Abos von gedruckten Zeitungen: Leerer Briefkasten

Es gibt noch Menschen, die gedruckte Zeitungen lesen. Wird die aber wochenlang nicht geliefert, braucht man sich über Abokündigungen nicht wundern.

mit Zeitungen vollgestopfte Briefkästen

Manchmal träumt man von der einen Zeitung – und bekommt am Ende die falsche Foto: CHROMORANGE/imago

Ich bin umgezogen. Ich habe es tatsächlich geschafft, eine Wohnung zu finden und mitten im Coronachaos umzuziehen. Meine Möbel und Familienmitglieder sind mitgekommen. Das Einzige, worauf ich sehr lange warten musste, war meine Zeitung.

Dabei ist das gar nicht so schwer. Mein neues Haus: ein Neubau mitten in Berlin. Der neue Briefkasten: groß, weiß und mit frisch gedrucktem Namensschild.

Die große Wochenzeitung, die ich jeden Donnerstag bekomme, nennen wir sie Z, hatte ich zwei Monate vor meinem Umzug über meine neue Adresse informiert. Dann zog ich um, aber mein Briefkasten blieb leer. Also füllte ich nochmal das Onlineformular aus. Mein Briefkasten blieb leer.
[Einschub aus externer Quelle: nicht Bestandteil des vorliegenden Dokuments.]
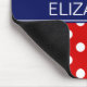 Red and White Polka Dots Pattern #2, Navy Blue Ribbon Name Monogram Label

Ich schrieb eine Mail und bekam immerhin eine Antwort. Eine automatisch generierte Mail, in der sinngemäß stand: Wir haben gerade echt viel zu tun wegen Corona, puh. Wir melden uns irgendwann, aber bitte, BITTE!, melden Sie sich nicht noch mal.

Mein Briefkasten blieb leer, die dritte Woche in Folge.

Leere Kioskständer

Ich schrieb auch der Aboabteilung meiner kleinen Tageszeitung t. Deine t, hieß es, wird am 16. 4. zum ersten Mal an deine neue Adresse geschickt. Ein paar Tage später steckte sie tatsächlich in meinem Briefkasten – und gleich noch eine Zeitung, die ich nicht bestellt hatte. Die B.Z., Berlins Boulevardblättchen aus dem Hause Springer. Am gleichen Tag die t und die B.Z. zu lesen ist erfrischend, man lernt: Für Filterblasen braucht es kein Internet.

Auch am Kiosk war es schwierig, eine Zeitung zu bekommen. In meinem Späti versuchte ich, eine Süddeutsche zu kaufen. Auch die hatte ich mal im Abo, und weil ich einige Ausgaben verpasst hatte, hatte der Verlag mir Gutscheine geschickt. Der Verkäufer im Späti guckte auf den Gutschein und sagte: „Die nehm’ wa schon lange nich mehr.“

Am nächsten Donnerstag blieb mein Briefkasten wieder leer. Ich wählte die Hamburger Nummer des Z-Verlags. Nach zwanzig Minuten Warteschleifen-Düdel meldete sich eine freundliche Frauenstimme mit sächsischem Akzent, vermutlich aus einem Callcenter: „Ja, hm, verstehe, das ist ärgerlich … Tut mir leid … Ja, Ihre Mail sehe ich hier … Hat keiner geantwortet? … Komisch … Die neue Adresse, ja, die steht hier … Hm, verstehe ich nicht.“ Es dauerte zwei weitere Donnerstage, bis die Zeitung endlich in meinem Briefkasten steckte.

Keine Krise der gedruckten Zeitung

Jetzt könnte man sagen: Selber schuld! Würdest du digital lesen, hättest du keine einzige Ausgabe verpasst. Aber das ist nicht der Punkt. Der Punkt ist, dass es immer noch viele Menschen gibt, die eine gedruckte Zeitung haben wollen. Und die sauer werden, wenn die Zeitung nicht pünktlich ankommt. Kein Wunder, wenn diese Leute ihre Abos kündigen.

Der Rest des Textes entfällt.